(REQUIRED WORK): Print the data below verbatim, minus images.

Extracted data entries:
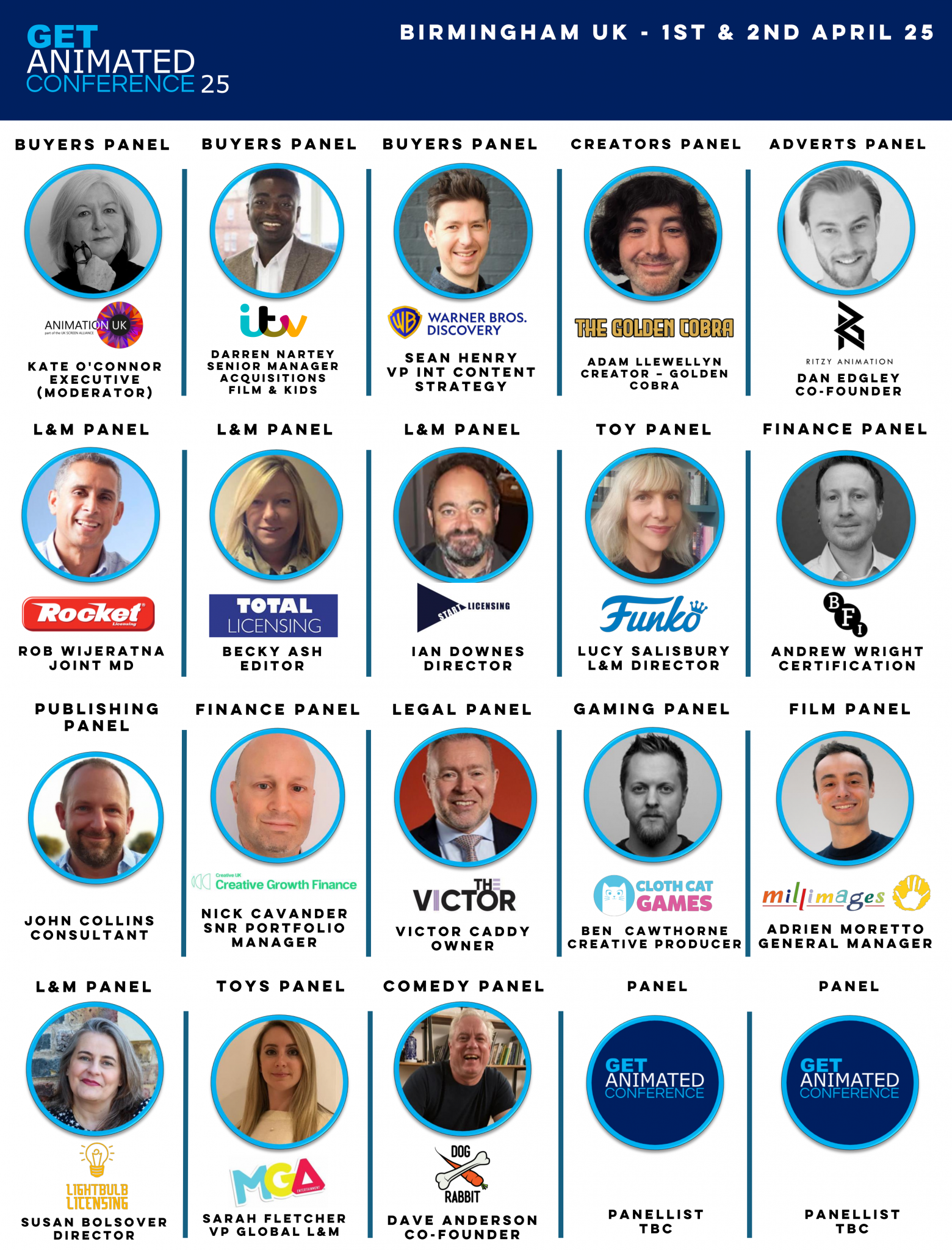 The confirmed speakers so far include ITV, Warner Bros Discovery., Animation UK, The Golden Cobra (BBC3), Ritzy Animation, Rocket Licensing, Total Licensing, Start Licensing, Funko, The BFI, John Collins Consultant, Creative Growth Finance, IAM The Victor, Clothcat Games, Millimages, Lightbulb Licensing, MGA Entertainment, Dog & Rabbit and Paramount.
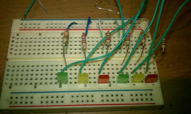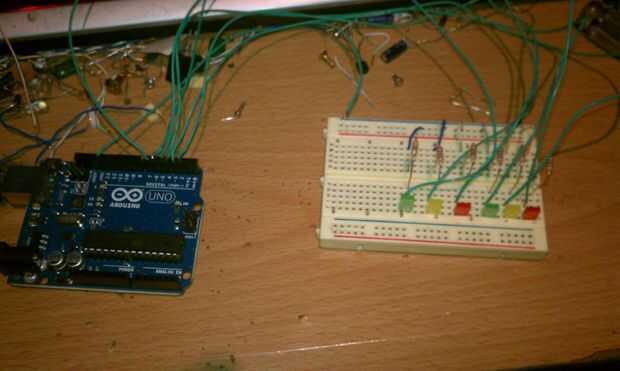 Lo que estoy haciendo es un probador de la batería con luces Led que también funciona en un Arduino.What que muestra cuánta batería queda en él por el encendido del LED. Para el cableado usé un tablero que me ayudó mucho. Por favor comentar sobre mi
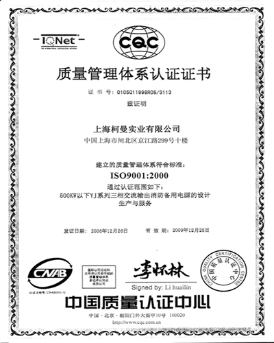 上海柯曼EPS電源高新技術(shù)證書
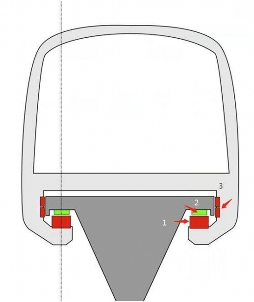 来看下方这张技术示意图,1是悬浮和推进用磁体,2可视为电磁铁(准确说应该是长定子铁芯电枢绕组),3为导向和制动用磁体。
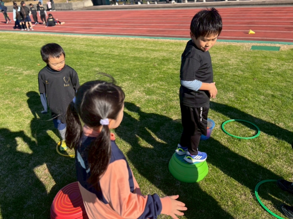 • コーンジャンプゲーム:片足にコーンを入れて、落とさないようにジャンプ!バランスと集中力が試されるゲームでした。
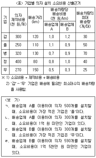 다음 <표>는 S시 공공기관 의자 설치 사업에 참여한 '갑'~'무'기업의 소요비용에 대한 자료이다. 이에 대한 <보기>의 설명 중 옳은 것만을 모두 고르면?
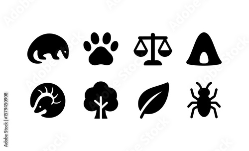 Fototapeta premium Nature and wildlife icons: animal, plant, and balance symbols in silhouette...

(EXERCISE RESPONSE):
 The confirmed speakers so far include ITV, Warner Bros Discovery., Animation UK, The Golden Cobra (BBC3), Ritzy Animation, Rocket Licensing, Total Licensing, Start Licensing, Funko, The BFI, John Collins Consultant, Creative Growth Finance, IAM The Victor, Clothcat Games, Millimages, Lightbulb Licensing, MGA Entertainment, Dog & Rabbit and Paramount.
 Lo que estoy haciendo es un probador de la batería con luces Led que también funciona en un Arduino.What que muestra cuánta batería queda en él por el encendido del LED. Para el cableado usé un tablero que me ayudó mucho. Por favor comentar sobre mi
 上海柯曼EPS電源高新技術(shù)證書
 来看下方这张技术示意图,1是悬浮和推进用磁体,2可视为电磁铁(准确说应该是长定子铁芯电枢绕组),3为导向和制动用磁体。
 • コーンジャンプゲーム:片足にコーンを入れて、落とさないようにジャンプ!バランスと集中力が試されるゲームでした。
 다음 <표>는 S시 공공기관 의자 설치 사업에 참여한 '갑'~'무'기업의 소요비용에 대한 자료이다. 이에 대한 <보기>의 설명 중 옳은 것만을 모두 고르면?
 Fototapeta premium Nature and wildlife icons: animal, plant, and balance symbols in silhouette...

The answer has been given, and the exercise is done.